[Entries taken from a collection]
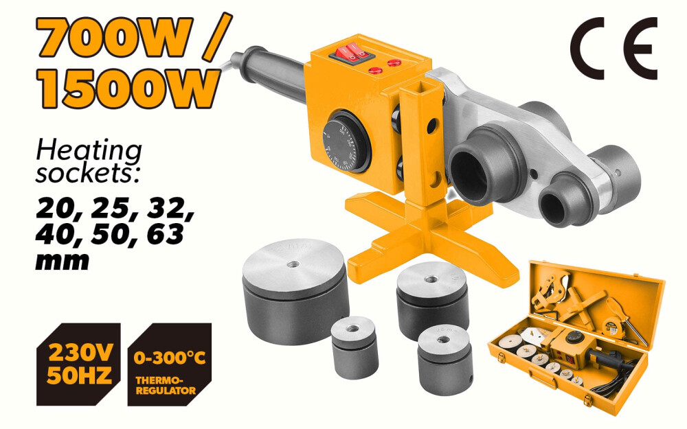 Permite alegerea puterii potrivite în funcție de diametrul țevii. Compatibil cu diametre variate 20–63 mm — flexibilitate mare pentru diverse tipuri de țevi. Set complet cu accesorii utile — include bandă de măsurare, cutter, șurubelniță pentru confort la instalare. Potrivit pentru mai multe tipuri de țevi plastice — PP-R, PB, PE, PE-RT etc. — versatilitate la diverse lucrări de instalații.
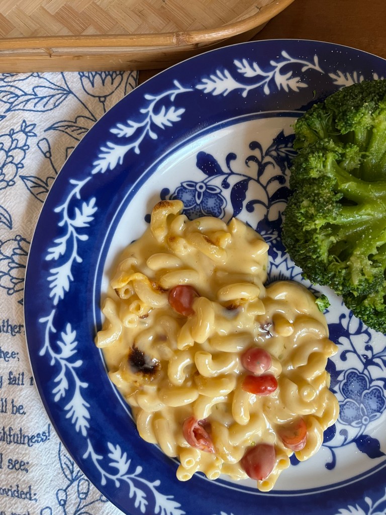 - Tomato Mac and Cheese/Broccoli (I did not bake the macaroni dish – I just added chopped cherry tomatoes to the pot on the stove. I don’t like baked mac & cheese.)
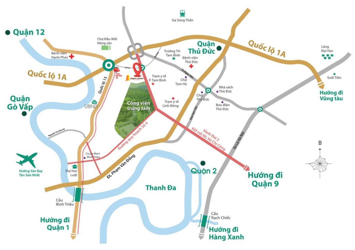 • Vị trí :   tọa lạc trên trục đường Vành Đai mở rộng 63m, thuộc khu phố 4, Tam Bình, quận Thủ đức.
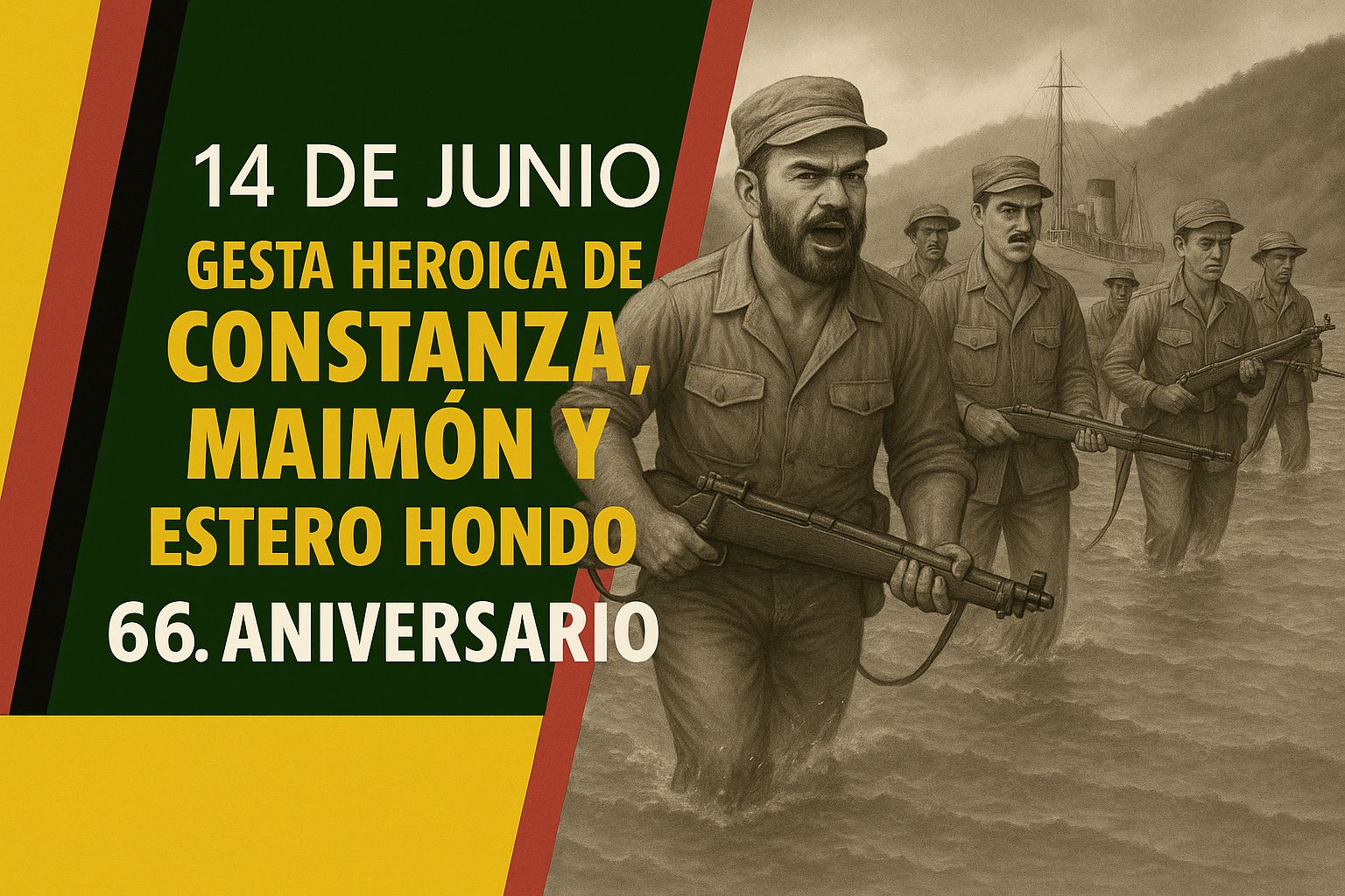 El nombre de Movimiento Revolucionario 14 de Junio-14J nace de la inspiración de la Gesta Gloriosa de Constanza, Maimón y Estero Hondo del 14 y 20 de junio de 1959, cuyos integrantes son llamados “La Raza Inmortal”. Esta fue una expedición militar organizada por el nuevo gobierno cubano dirigido por Fidel Castro, y que estaba al mando del comandante cubano Delio Gómez Ochoa y el dominicano Enrique Jiménez de Moya. En la jefatura también estaba José Horacio Rodríguez (hijo del patriota dominicano Juan «Juancito» Rodríguez) que murió en la acción. La tropa era de 225 combatientes (148 dominicanos, 22 cubanos, 13 venezolanos, y otros) de diversas ideologías, que apoyaron al Movimiento de Liberación Dominicana con el interés de derrocar la dictadura de Rafael Leónidas Trujillo. La expedición constó de 3 grupos: 56 hombres que vinieron en avión a Constanza el 14 de junio, y el 20 de junio desembarcó un grupo de 121 hombres en Maimón y otro grupo de 48 expedicionarios en Estero Hondo. Esa acción armada no tuvo éxito en el orden militar, casi todos los combatientes fueron aniquilados y solo unos pocos fueron encarcelados y torturados (ej. Delio Gómez), y fueron liberados después de la muerte del dictador Trujillo en 1961. Esa expedición armada sembró la semilla de libertad e inspiró a los creadores del Movimiento Revolucionario 14 de Junio para colocarle ese nombre en honor de los héroes y mártires de esa gesta.
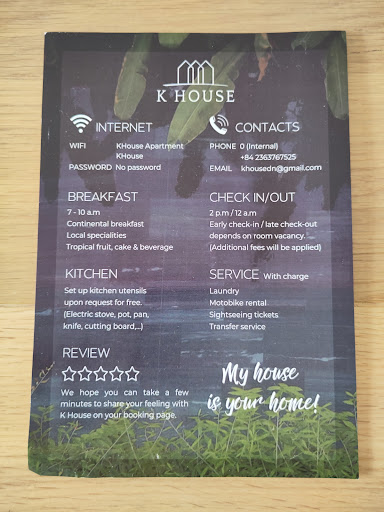 K House vs Apartment – 44 Lâm Hoành, Mỹ Khê, Đà Nẵng||We’ve stayed here a few times already, and each visit makes us fall in love with the place all over again. It’s small, but has such a unique and warm atmosphere. The location is just a little off the main road — very nice and peaceful! It’s quiet, though you may hear the neighborhood roosters crowing in the morning. We’ve gotten used to it, and honestly, it’s still much better than traffic noise.||One lovely detail is the little fish pond right by the sidewalk as you approach the front door — such a charming and relaxing welcome.||Just a one-minute walk brings you to the white sand beach, where the morning breeze, fresh air, sunrise, and the gentle mist of seawater with dew on your face make you feel like you’re walking on the sky.||The staff are excellent — always friendly, smiling, and ready to help. Even if you ask for something not on the list, they will do their best to make it happen, thoughtfully and beyond expectations. Many of the young staff are college students fluent in English, and they communicate with confidence, making everything easy and professional.||Breakfast is served at 7:00, simple but just enough — not a buffet with a hundred items like chain hotels, but always fresh, tasty, and filling. If you’d like something special, the chef will happily prepare it for you, treating you like family. At first, the personal approach felt a bit unusual, but we quickly grew to love the warm relationship between staff and guests. The food is always prepared with care and love, and if you’re a little late, it doesn’t matter.||The rooms are large and spotlessly clean. Housekeeping is available upon request at any time, and you’ll also find utensils and cookware if you’d like to prepare your own meal. Every day, a small care package is provided with bottled water, fresh towels, and toilet paper — such a thoughtful touch! Soft drinks, beer, and water are also available at very reasonable prices in a cool and roomy refrig. in the room provided from the hotel.||The pool is clean and well maintained. Of course, sometimes a leaf floats by, but everything is cleaned regularly. And every time we swam, the staff immediately offered towels.||We recommend this place without hesitation — it truly feels like a little home away from home!||Max...
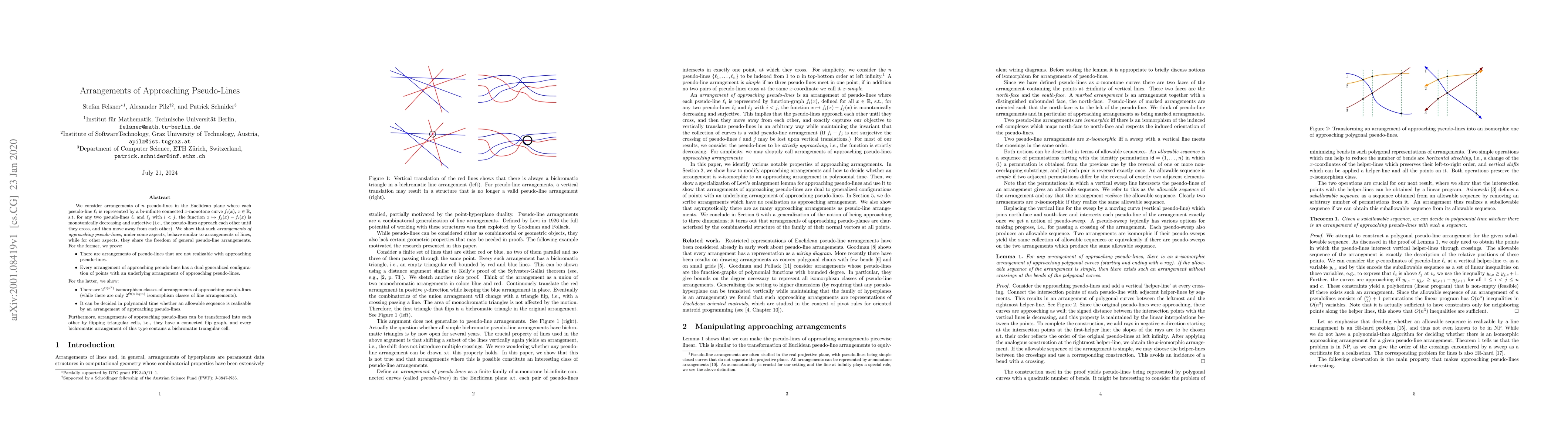 Research shows that arrangements of approaching pseudo-lines in a Euclidean plane exhibit both similarities with line arrangements and unique freedoms, including the ability to transform into each other through flipping triangular cells.
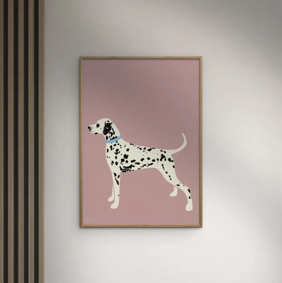 Gør din væg levende med My Friend, en elegant og charmerende kunstplakat af Inez Gori. Denne minimalistiske illustration af en dalmatiner p en varm, støvet rosa baggrund kombinerer enkelhed og elegance og passer perfekt til moderne hjem.
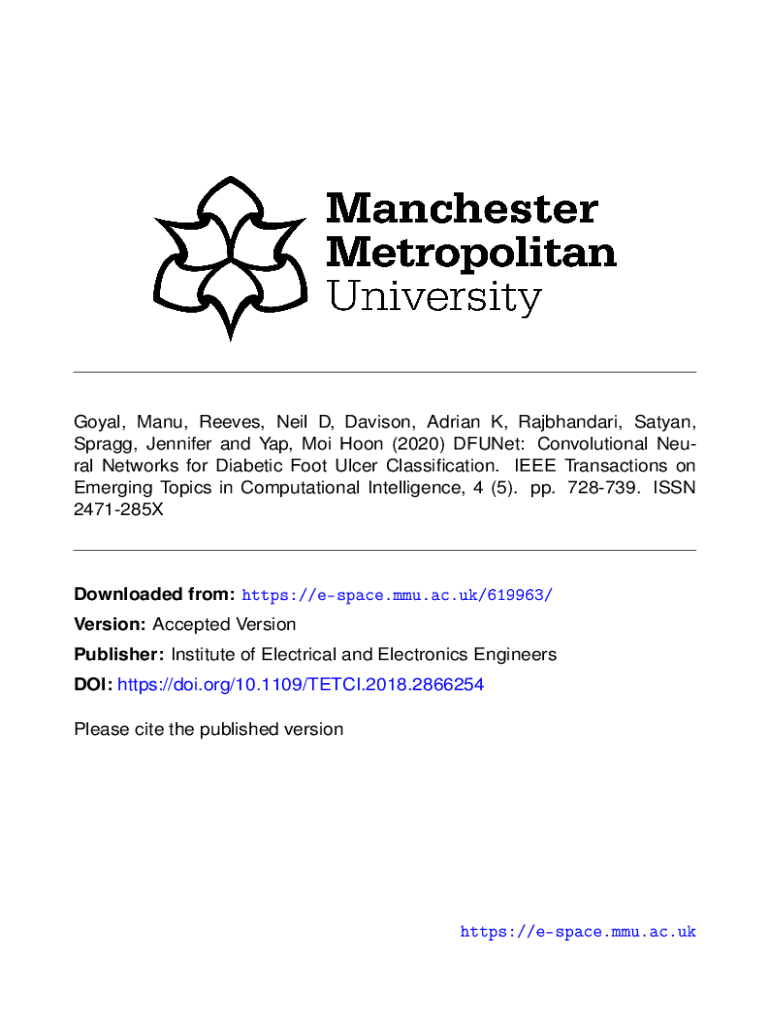 Goal, Many, Reeves, Neil D, Davison, Adrian K, Bhandari, Satan, Sprang, Jennifer and Yap, Moi Hewn (2020) Defunct: Convolutional Neural Networks for Diabetic Foot Ulcer Classification. IEEE Transactions

* **TASK STATEMENT**
Excluding the pictures, reproduce every entry exactly as given.

* **EXERCISE ANSWER**
 Permite alegerea puterii potrivite în funcție de diametrul țevii. Compatibil cu diametre variate 20–63 mm — flexibilitate mare pentru diverse tipuri de țevi. Set complet cu accesorii utile — include bandă de măsurare, cutter, șurubelniță pentru confort la instalare. Potrivit pentru mai multe tipuri de țevi plastice — PP-R, PB, PE, PE-RT etc. — versatilitate la diverse lucrări de instalații.
 - Tomato Mac and Cheese/Broccoli (I did not bake the macaroni dish – I just added chopped cherry tomatoes to the pot on the stove. I don’t like baked mac & cheese.)
 • Vị trí :   tọa lạc trên trục đường Vành Đai mở rộng 63m, thuộc khu phố 4, Tam Bình, quận Thủ đức.
 El nombre de Movimiento Revolucionario 14 de Junio-14J nace de la inspiración de la Gesta Gloriosa de Constanza, Maimón y Estero Hondo del 14 y 20 de junio de 1959, cuyos integrantes son llamados “La Raza Inmortal”. Esta fue una expedición militar organizada por el nuevo gobierno cubano dirigido por Fidel Castro, y que estaba al mando del comandante cubano Delio Gómez Ochoa y el dominicano Enrique Jiménez de Moya. En la jefatura también estaba José Horacio Rodríguez (hijo del patriota dominicano Juan «Juancito» Rodríguez) que murió en la acción. La tropa era de 225 combatientes (148 dominicanos, 22 cubanos, 13 venezolanos, y otros) de diversas ideologías, que apoyaron al Movimiento de Liberación Dominicana con el interés de derrocar la dictadura de Rafael Leónidas Trujillo. La expedición constó de 3 grupos: 56 hombres que vinieron en avión a Constanza el 14 de junio, y el 20 de junio desembarcó un grupo de 121 hombres en Maimón y otro grupo de 48 expedicionarios en Estero Hondo. Esa acción armada no tuvo éxito en el orden militar, casi todos los combatientes fueron aniquilados y solo unos pocos fueron encarcelados y torturados (ej. Delio Gómez), y fueron liberados después de la muerte del dictador Trujillo en 1961. Esa expedición armada sembró la semilla de libertad e inspiró a los creadores del Movimiento Revolucionario 14 de Junio para colocarle ese nombre en honor de los héroes y mártires de esa gesta.
 K House vs Apartment – 44 Lâm Hoành, Mỹ Khê, Đà Nẵng||We’ve stayed here a few times already, and each visit makes us fall in love with the place all over again. It’s small, but has such a unique and warm atmosphere. The location is just a little off the main road — very nice and peaceful! It’s quiet, though you may hear the neighborhood roosters crowing in the morning. We’ve gotten used to it, and honestly, it’s still much better than traffic noise.||One lovely detail is the little fish pond right by the sidewalk as you approach the front door — such a charming and relaxing welcome.||Just a one-minute walk brings you to the white sand beach, where the morning breeze, fresh air, sunrise, and the gentle mist of seawater with dew on your face make you feel like you’re walking on the sky.||The staff are excellent — always friendly, smiling, and ready to help. Even if you ask for something not on the list, they will do their best to make it happen, thoughtfully and beyond expectations. Many of the young staff are college students fluent in English, and they communicate with confidence, making everything easy and professional.||Breakfast is served at 7:00, simple but just enough — not a buffet with a hundred items like chain hotels, but always fresh, tasty, and filling. If you’d like something special, the chef will happily prepare it for you, treating you like family. At first, the personal approach felt a bit unusual, but we quickly grew to love the warm relationship between staff and guests. The food is always prepared with care and love, and if you’re a little late, it doesn’t matter.||The rooms are large and spotlessly clean. Housekeeping is available upon request at any time, and you’ll also find utensils and cookware if you’d like to prepare your own meal. Every day, a small care package is provided with bottled water, fresh towels, and toilet paper — such a thoughtful touch! Soft drinks, beer, and water are also available at very reasonable prices in a cool and roomy refrig. in the room provided from the hotel.||The pool is clean and well maintained. Of course, sometimes a leaf floats by, but everything is cleaned regularly. And every time we swam, the staff immediately offered towels.||We recommend this place without hesitation — it truly feels like a little home away from home!||Max...
 Research shows that arrangements of approaching pseudo-lines in a Euclidean plane exhibit both similarities with line arrangements and unique freedoms, including the ability to transform into each other through flipping triangular cells.
 Gør din væg levende med My Friend, en elegant og charmerende kunstplakat af Inez Gori. Denne minimalistiske illustration af en dalmatiner p en varm, støvet rosa baggrund kombinerer enkelhed og elegance og passer perfekt til moderne hjem.
 Goal, Many, Reeves, Neil D, Davison, Adrian K, Bhandari, Satan, Sprang, Jennifer and Yap, Moi Hewn (2020) Defunct: Convolutional Neural Networks for Diabetic Foot Ulcer Classification. IEEE Transactions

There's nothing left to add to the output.